AMD systems optionally support an MCA thresholding interrupt. The
interrupt should be used as another signal to trigger MCA polling. This
is similar to how the Intel Corrected Machine Check interrupt (CMCI) is
handled.

AMD MCA thresholding is managed using the MCA_MISC registers within an
MCA bank. The OS will need to modify the hardware error count field in
order to reset the threshold limit and rearm the interrupt. Management
of the MCA_MISC register should be done as a follow up to the basic MCA
polling flow. It should not be the main focus of the interrupt handler.

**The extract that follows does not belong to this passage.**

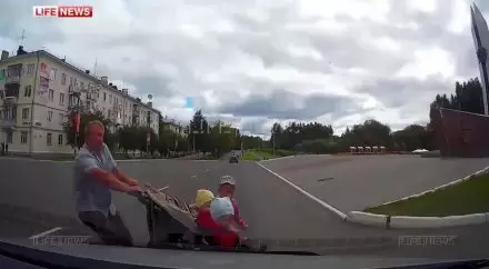 Жуткое ДТП попало на камеру видеорегистратора в городе Лесное в Свердловской области России. Как сообщает телеканал Life News, 20-летний водитель автомобиля Volkswagen Polo сбил мужчину, перебегавшего дорогу с тремя детьми: двое малолетних близнецов сидели в коляске, которую катил отец, еще одного мальчика мужчина вел за руку.
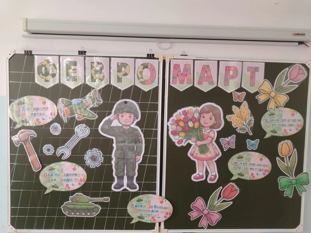 В 2 «Д» классе прошло яркое и запоминающееся мероприятие — праздничная программа «Февромарт». Это замечательное событие, объединившее в себе отголоски Дня защитника Отечества и Международного женского дня, стало настоящим торжеством дружбы, взаимопонимания и весеннего настроения.

Furthermore, future systems will have the ability to send an MCA
thresholding interrupt to the OS even when the OS does not manage the
feature, i.e. MCA_MISC registers are Read-as-Zero/Locked.

Call the common MCA polling function when handling the MCA thresholding
interrupt. This will allow the OS to find any valid errors whether or
not the MCA thresholding feature is OS-managed. Also, this allows the
common MCA polling options and kernel parameters to apply to AMD
systems.

Add a callback to the MCA polling function to check and reset any
threshold blocks that have reached their threshold limit.

Signed-off-by: Yazen Ghannam <[email protected]>
---
arch/x86/kernel/cpu/mce/amd.c | 54 +++++++++++++-----------------
arch/x86/kernel/cpu/mce/core.c | 8 +++++
arch/x86/kernel/cpu/mce/internal.h | 2 ++
3 files changed, 33 insertions(+), 31 deletions(-)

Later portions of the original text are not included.